Anders Wennersten wrote:
The discussion on the proposed amendment is now closed
[1) and it is up
to the Board will review the community comments. And with almost 5,000
edits in the discussion - with more than 2,000 editors and 320,000 words
in various languages and with very different opinions on the subject, it
will be a challenge for the Board to come to a common standpoint if it
as all is possible
Stephen LaPorte writes: /The !vote is one strong indicator of the
importance of addressing this topic/, in which I fully agree
[...]
[1]
https://meta.wikimedia.org/wiki/Terms_of_use/Paid_contributions_amendment
Hi.
Thanks for starting this thread.
I think it's important to note that the paid contributions amendment
discussion (or perhaps more accurately, the straw poll) was very heavily
advertised, using a banner at the top of Wikimedia wikis for several
weeks that displayed to both logged-in and logged out users (as is
required for a change to the site terms of use). Due to the heavy
advertising, it's no surprise there were several thousand participants,
but that number needs context, of course.

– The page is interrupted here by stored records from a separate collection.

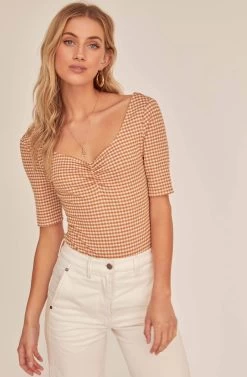 Gingham is back! This bodysuit features a romantic plunge neckline that descends to a ruched bust. Three-quarter sleeves and scoop back detail. Pairs well with chic jeans and mini skirts!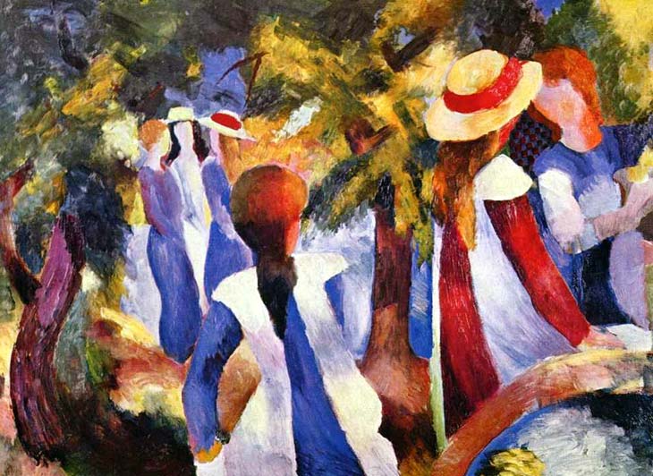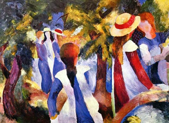 Огюст Маке. Девочки в зелени. 1914 год. Холст. Баварское собрание картин, Мюнхен.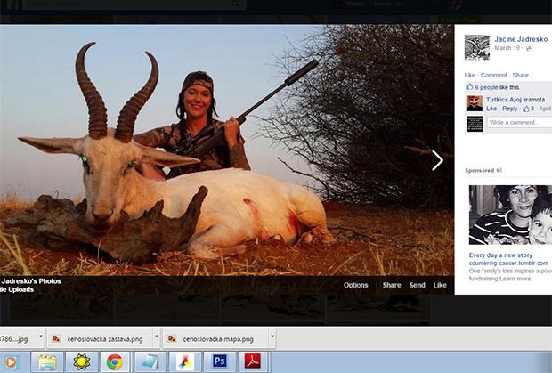 ZAGREB - Splićanka Jasin Jadreško jedna je od najomraženijih osoba na Fejsbuku od čijih se fotografija ljudima prevrće stomak: profil joj je pun fotografija na kojima trijumfuje nad ubijenim životinjama i pozira zamazana krvlju s njihovim srcima, džigericama i drugim organima.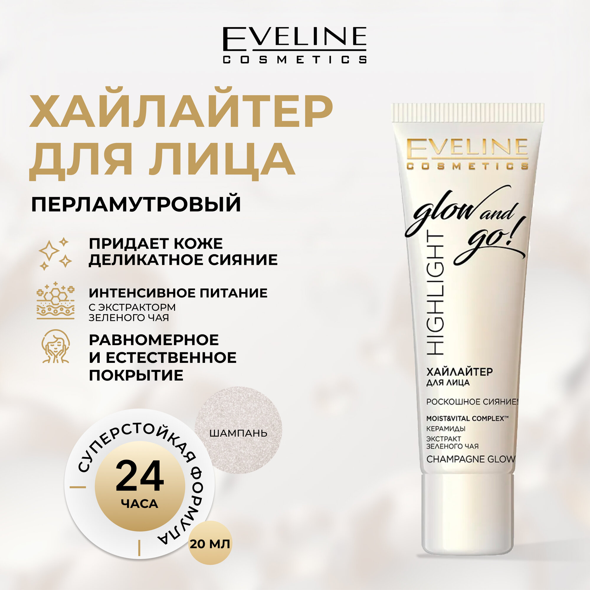 Eveline Highlight Glow and Go! Хайлайтер для лица, champagne glow, 20 мл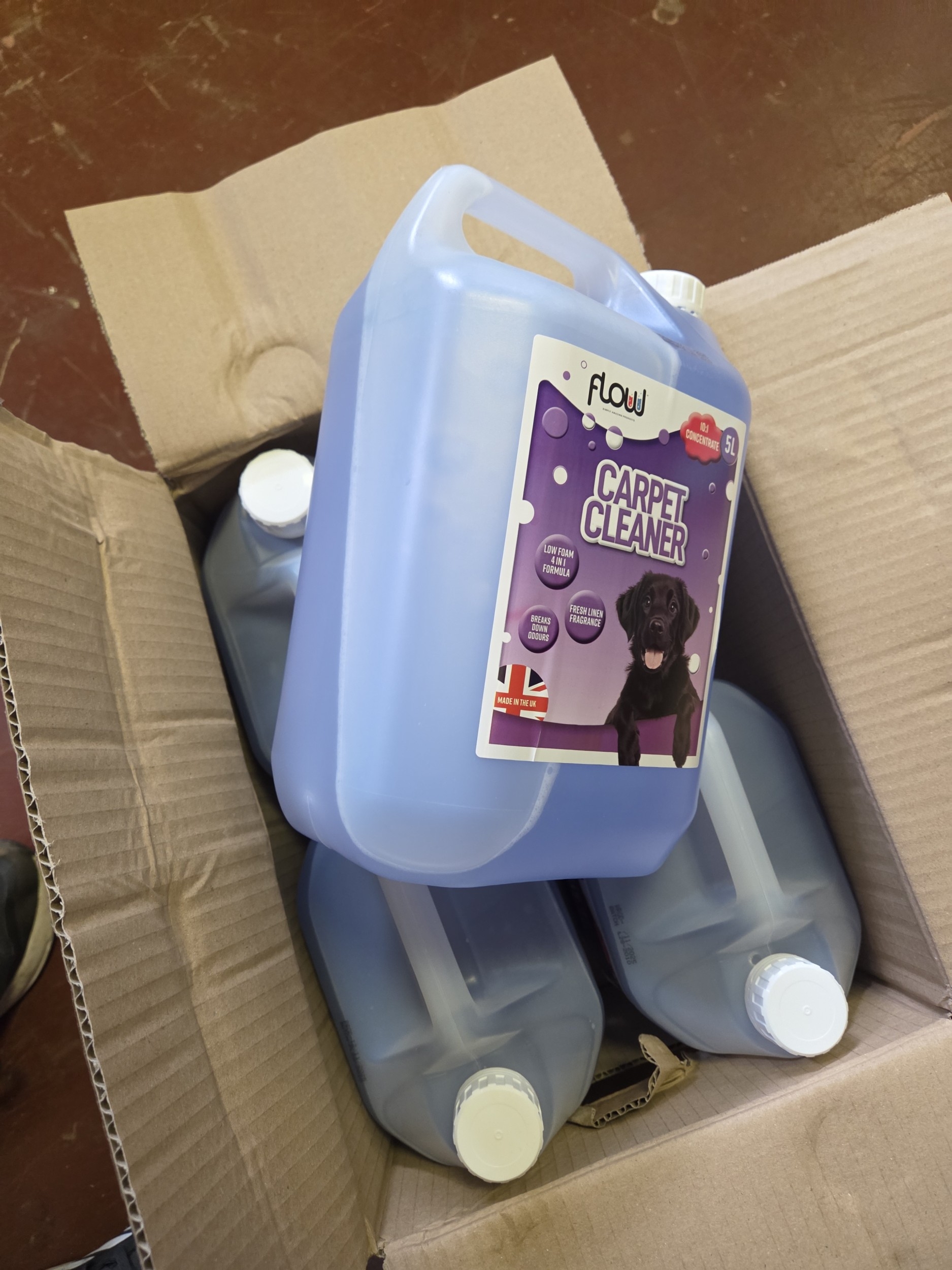 4 Bottles of 5L Flow Pet Magic Carpet Cleaner 5L Concentrate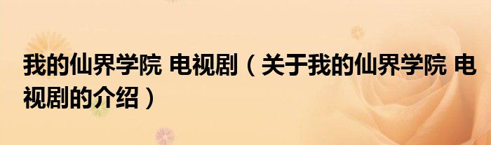 我的仙界学院电视剧(关于我的仙界学院电视剧的介绍)

It may or may not be a good use of time and energy to address paid editing
(or rather, paid advocacy) or article quality or any number of other
strategic goals, but we shouldn't allow a heavily advertised discussion
alone sway what we feel is important to focus on, particularly not without
better understanding whether this specific set of self-selected people
(i.e., people who saw the banner and decided to comment) is representative
of the overall Wikimedia community.
I personally agree that measuring and improving the quality of the work on
Wikimedia wikis is important and deserves renewed focus as the next
strategic planning process gets underway. Though as others in this thread
have already noted, it's difficult to measure article (or transcript or
dictionary entry or news story or data item or...) quality. And I'll add
to this that the current Strategic Plan sets a fair number of goals that
likely won't be reached, so we'll need to figure out whether the
expectations and/or the resource allocation needs adjustment.